Stored items from a collection:
═══

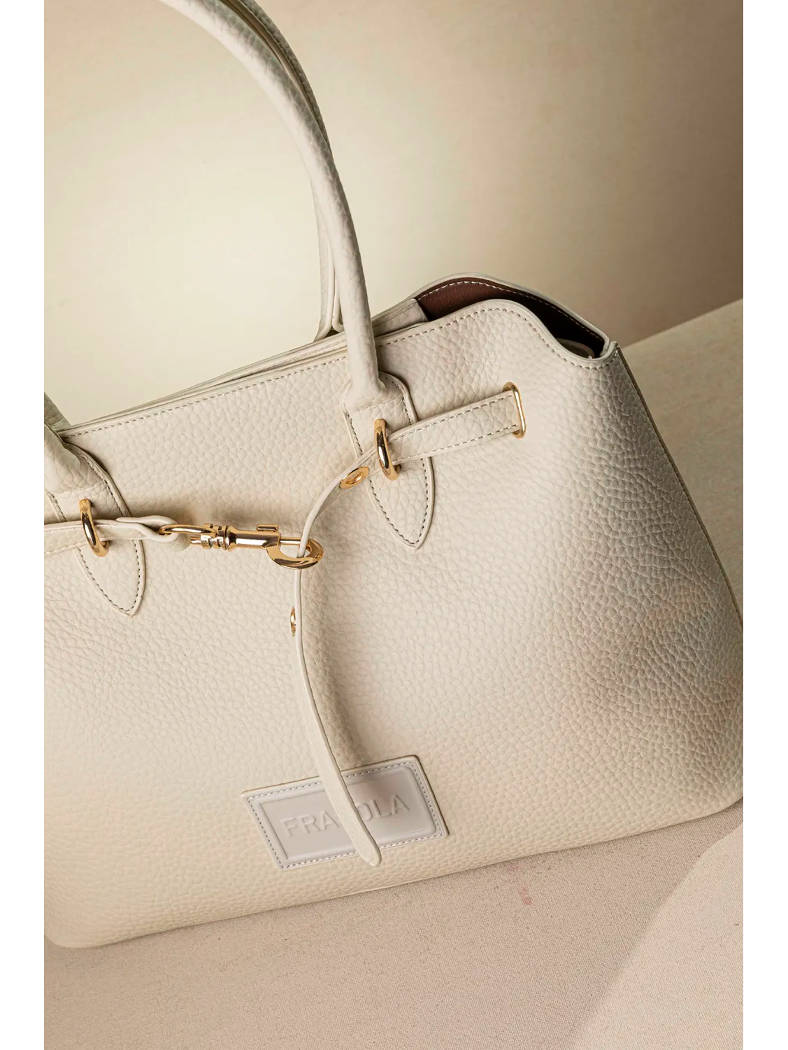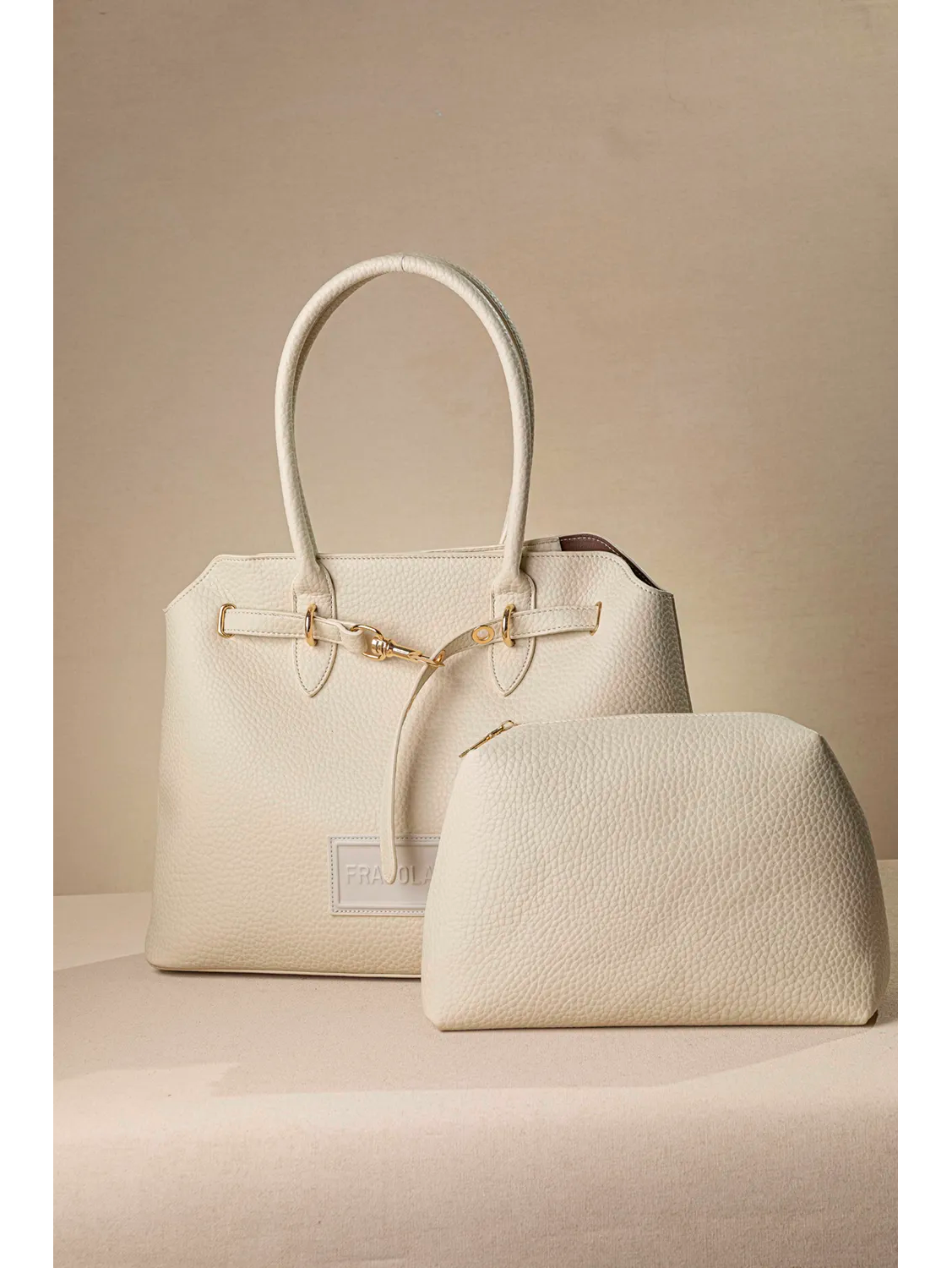 Τετράγωνη τσάντα ώμου, μεγάλης χωρητικότητας, η κατάλληλη επιλογή για όλη την ημέρα. Η τσάντα κλείνει με μαγνητικό μπουτόν. Περιλαμβάνει ευρύχωρο εσωτερικό τσαντάκι που ασφαλίζει με φερμουάρ. Εντυπωσιακό μεταλλικό κούμπωμα στο μπροστινό της μέρος της κάνουν ακόμα πιο ιδιαίτερη.
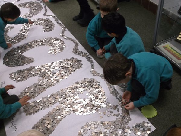 We decided to cover the letters of the name Oscar. This year there was an added incentive of an inter-house competition – house points being awarded for the most coins laid and the highest amount of money raised. The boys excelled themselves and the letters were soon piled high with coins. The result of the competition will have to wait until all the coins are counted. (I am hoping that by next year the 5p coin will be out of circulation!)
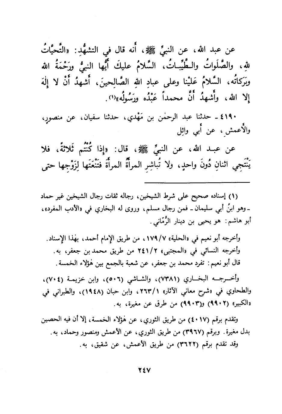 ٤١٩٠ - حَدَّثَنَا عَبْدُ الرَّحْمَنِ بْنُ مَهْدِيٍّ، حَدَّثَنَا سُفْيَانُ، عَنْ مَنْصُورٍ، وَالْأَعْمَشِ، عَنْ أَبِي وَائِلٍ، عَنْ عَبْدِ اللهِ، عَنِ النَّبِيِّ صَلَّى اللهُ عَلَيْهِ وَسَلَّمَ قَالَ: " إِذَا كُنْتُمْ ثَلَاثَةً، فَلَا يَنْتَجِي اثْنَانِ دُونَ وَاحِدٍ، وَلَا تُبَاشِرُ الْمَرْأَةُ الْمَرْأَةَ فَتَنْعَتَهَا لِزَوْجِهَا حَتَّى
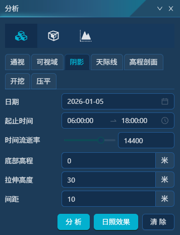- 【日期】:设置分析日期,默认为当前日期。不同日期时,太阳高度角不同,会导致日照结果不同;
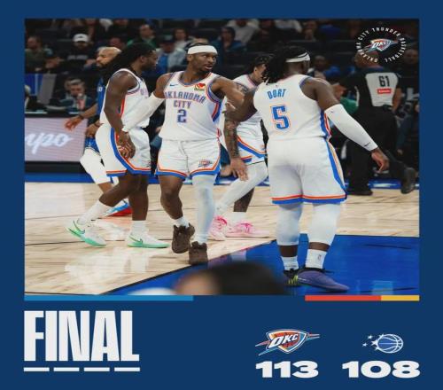 北京时间3月18日上午,NBA常规赛:雷霆113-108击败魔术,豪取9连胜。此役过后,雷霆战绩来到54胜15负,提前13场锁定季后赛。雷霆成为本赛季第一支杀进季后赛的球队。雷霆本赛季跟魔术交手两次,雷霆成功完成双杀!
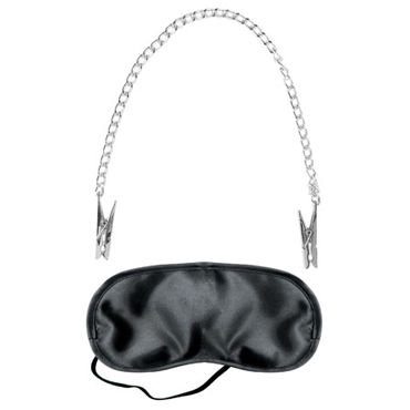 Кляпа, анальной пробки, наручников, стека с перьями, маски на глаза, 2-х зажимов для сосков, восковой свечи, мини вибратора с различными насадками и двух отдельных шариков.
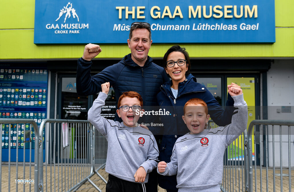 29 June 2020; The Gribbin family, clockwise from left, Michael, Siobhan, and Twins, Daniel and Thomas, aged 7, from Castledawson in Derry, celebrate being one of the first families to visit after the reopening of the GAA Museum and Tours at Croke Park. The inspiring Stadium Tour, thrilling Skyline Tour and treasured GAA Museum are now open to the public. With the GAA All-Ireland Senior Championships postponed until October, this is your only chance to visit Croke Park this summer, making them this season’s hottest tickets! For more see www.crokepark.ie/tours Photo by Sam Barnes/Sportsfile
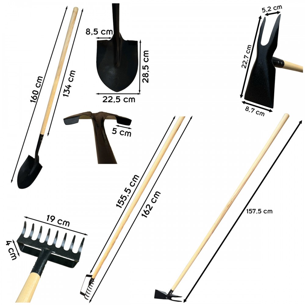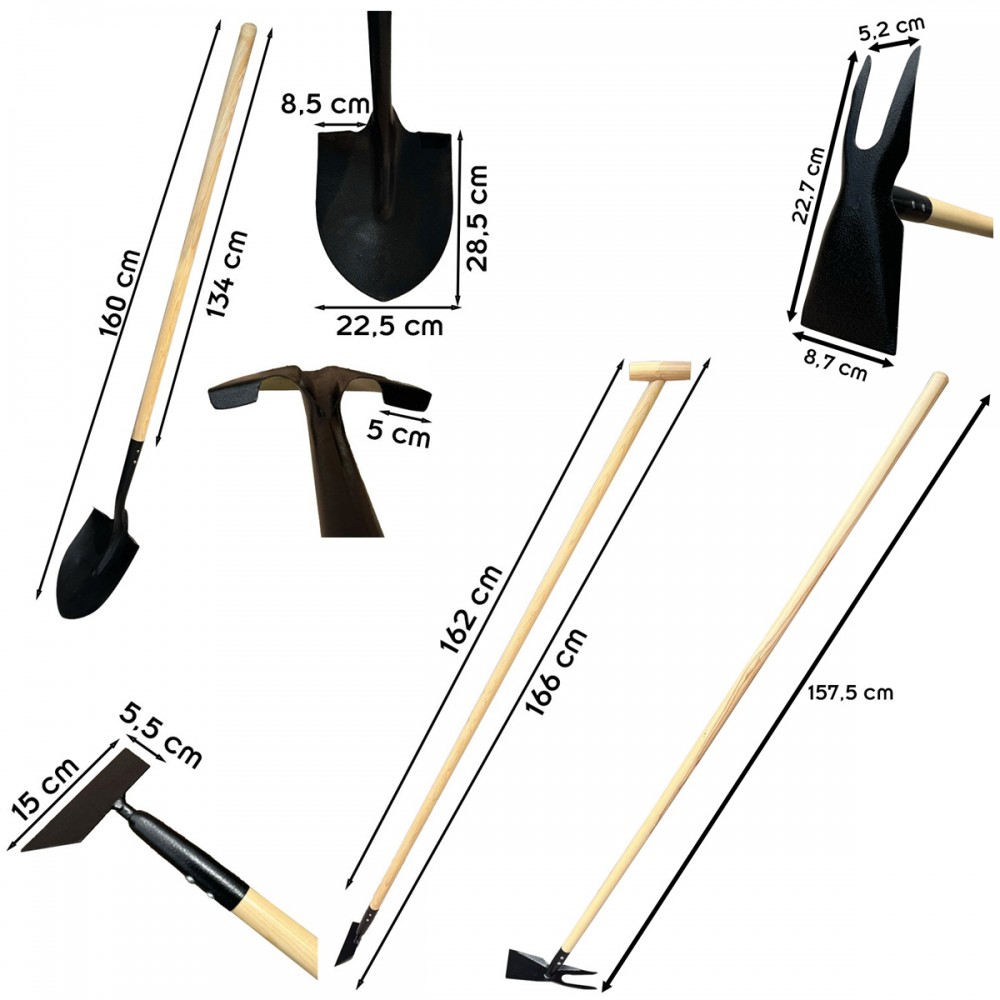 | bulletpointA | Lots d'outils de jardinage avec pelle + râteau ou binette et serfouette panne et fourche ou panne et langue. |
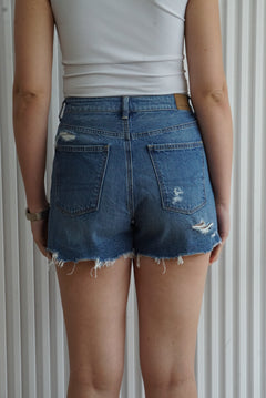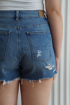 Shorts color azul claro elaborados de algodón, tiro alto, diseño Ripped en la parte frontal y bordes deshilachados, cierre frontal con Zíper y botón.
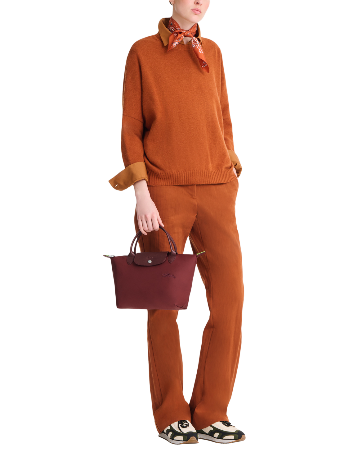 Following Longchamp's key characteristics, like the horse embroidery and tone-on-tone leather, Le Pliage Green also features the ultimate detail: a green edge on the ear, indicative of its use of materials.
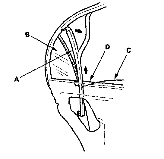 5. Move the center channel (A) away from the quarter glass (B), and the rear door glass (C), and remove the center channel out through the window slot. Take care not to damage the outer weatherstrip (D).

═══

▶ [WORK REQUIRED]: Restate the data word for word without pictures.

▶ [TASK SOLUTION]:
 Τετράγωνη τσάντα ώμου, μεγάλης χωρητικότητας, η κατάλληλη επιλογή για όλη την ημέρα. Η τσάντα κλείνει με μαγνητικό μπουτόν. Περιλαμβάνει ευρύχωρο εσωτερικό τσαντάκι που ασφαλίζει με φερμουάρ. Εντυπωσιακό μεταλλικό κούμπωμα στο μπροστινό της μέρος της κάνουν ακόμα πιο ιδιαίτερη.
 We decided to cover the letters of the name Oscar. This year there was an added incentive of an inter-house competition – house points being awarded for the most coins laid and the highest amount of money raised. The boys excelled themselves and the letters were soon piled high with coins. The result of the competition will have to wait until all the coins are counted. (I am hoping that by next year the 5p coin will be out of circulation!)
 ٤١٩٠ - حَدَّثَنَا عَبْدُ الرَّحْمَنِ بْنُ مَهْدِيٍّ، حَدَّثَنَا سُفْيَانُ، عَنْ مَنْصُورٍ، وَالْأَعْمَشِ، عَنْ أَبِي وَائِلٍ، عَنْ عَبْدِ اللهِ، عَنِ النَّبِيِّ صَلَّى اللهُ عَلَيْهِ وَسَلَّمَ قَالَ: " إِذَا كُنْتُمْ ثَلَاثَةً، فَلَا يَنْتَجِي اثْنَانِ دُونَ وَاحِدٍ، وَلَا تُبَاشِرُ الْمَرْأَةُ الْمَرْأَةَ فَتَنْعَتَهَا لِزَوْجِهَا حَتَّى
- 【日期】:设置分析日期,默认为当前日期。不同日期时,太阳高度角不同,会导致日照结果不同;
 北京时间3月18日上午,NBA常规赛:雷霆113-108击败魔术,豪取9连胜。此役过后,雷霆战绩来到54胜15负,提前13场锁定季后赛。雷霆成为本赛季第一支杀进季后赛的球队。雷霆本赛季跟魔术交手两次,雷霆成功完成双杀!
 Кляпа, анальной пробки, наручников, стека с перьями, маски на глаза, 2-х зажимов для сосков, восковой свечи, мини вибратора с различными насадками и двух отдельных шариков.
 29 June 2020; The Gribbin family, clockwise from left, Michael, Siobhan, and Twins, Daniel and Thomas, aged 7, from Castledawson in Derry, celebrate being one of the first families to visit after the reopening of the GAA Museum and Tours at Croke Park. The inspiring Stadium Tour, thrilling Skyline Tour and treasured GAA Museum are now open to the public. With the GAA All-Ireland Senior Championships postponed until October, this is your only chance to visit Croke Park this summer, making them this season’s hottest tickets! For more see www.crokepark.ie/tours Photo by Sam Barnes/Sportsfile
 | bulletpointA | Lots d'outils de jardinage avec pelle + râteau ou binette et serfouette panne et fourche ou panne et langue. |
 Shorts color azul claro elaborados de algodón, tiro alto, diseño Ripped en la parte frontal y bordes deshilachados, cierre frontal con Zíper y botón.
 Following Longchamp's key characteristics, like the horse embroidery and tone-on-tone leather, Le Pliage Green also features the ultimate detail: a green edge on the ear, indicative of its use of materials.
 5. Move the center channel (A) away from the quarter glass (B), and the rear door glass (C), and remove the center channel out through the window slot. Take care not to damage the outer weatherstrip (D).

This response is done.